China reported on Friday an unexpected acceleration in export growth in September and a record trade surplus with the United States, which could exacerbate an already-heated dispute between Beijing and Washington. U.S. President Donald Trump warned on Thursday there was much more he could do that would hurt China's economy further, showing no signs of backing off an escalating trade war with Beijing.

The International Monetary Fund said sustained trade tensions could slash Asia's economic growth by up to 0.9 percentage points in coming years, and warned that the market rout seen in emerging economies could worsen if the U.S. Federal Reserve and other major central banks tightened monetary policy more quickly than expected.

The top gainer on Hang Seng was Sunny Optical Technology Group Co Ltd, up 10.73 per cent, while the biggest loser was China Resources Power Holdings Co Ltd, which was down 1.20 per cent.
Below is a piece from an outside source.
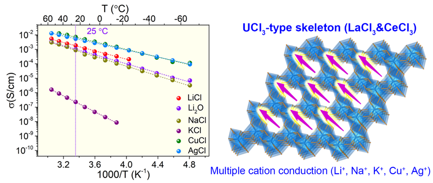 全固态锂二次电池(ASSLBs)因其高安全性、高能量密度和在较宽的温度范围内的应用而具有吸引力,而固态电解质(SSEs)作为ASSLBs的重要组成部分,引起了人们对无机SSEs领域极大的兴趣。近些年来,金属卤化物电解质LiaMXb(M=Y, Sc, In, Zr, etc., X = Cl, Br)凭借其超过10-3S/cm的室温离子电导率,宽的电化学窗口及与金属氧化物正极优异的界面稳定性得到了更广泛的研究。大多数目前报道的超离子卤化物SSEs主要是基于紧密排列的阴离子亚晶格,形成单斜晶(Li3InCl6,Li3ScCl6),正交晶(Li2.5Y0.5Zr0.5Cl6,Li2.73Ho1.09Cl6)和三方(Li3ErCl6,milled-Li2ZrCl6)结构。然而,这些已经报道的卤化物SSEs只是含有一价阳离子的三元卤化物的一小部分(Li+,Na+等)。在众多的三元卤化物晶体结构中,UCl3型结构具有丰富的通道位点,可以容纳单价阳离子和提供迁移路径得到了广泛的研究。

China's main Shanghai Composite index closed 0.9 per cent higher at 2,606.91 points, after touching near four-year lows on Thursday amid a global sell-off. The index was down 7.6 per cent for the week, its worst weekly performance since early February.

Around the region, MSCI's Asia ex-Japan stock index was firmer by 2.06 per cent, while Japan's Nikkei index closed up 0.46 per cent. The yuan finished its onshore trading session at 6.9234 per U.S. dollar, 0.5 per cent weaker than the previous close of 6.8888. The offshore yuan was changing hands at 6.9161 at 0830 GMT, 0.58 per cent weaker than the previous day's close.

As of the previous trading session, the Hang Seng index was down 15.55 per cent this year, while China's H-share index was down 13.8 per cent. As of the previous close, the Hang Seng has declined 9.08 per cent this month. The top gainers among H-shares were Tencent Holdings Ltd, up 8.01 per cent, followed by China Vanke Co Ltd, gaining 6.67 per cent, and China Huarong Asset Management Co Ltd, up by 6.62 per cent.

The three biggest H-shares percentage decliners were Huaneng Power International Inc, which was down 1.49 per cent, China Telecom Corp Ltd, which fell 1.2 per cent, and Hengan International Group Company Ltd, down by 0.8 per cent. About 2.16 billion Hang Seng index shares were traded, roughly 118.2 per cent of the market's 30-day moving average of 1.83 billion shares a day.

The volume traded in the previous trading session was 3.19 billion. At the close, China's A-shares were trading at a premium of 22.67 per cent over the Hong Kong-listed H-shares. The price-to-earnings ratio of the Hang Seng index was 9.79 as of the last full trading day, while the dividend yield was 3.8 per cent.

So far this week, the market capitalisation of the Hang Seng index has fallen by 5.31 per cent to HK$16.41 trillion. The short and one-factor leveraged Hang Seng index, which is designed to replicate the payoff of a short or leveraged portfolio and is linked to the movements of the Hang Seng Index, was lower by 2.12 per cent on the day at 5,413.71 points.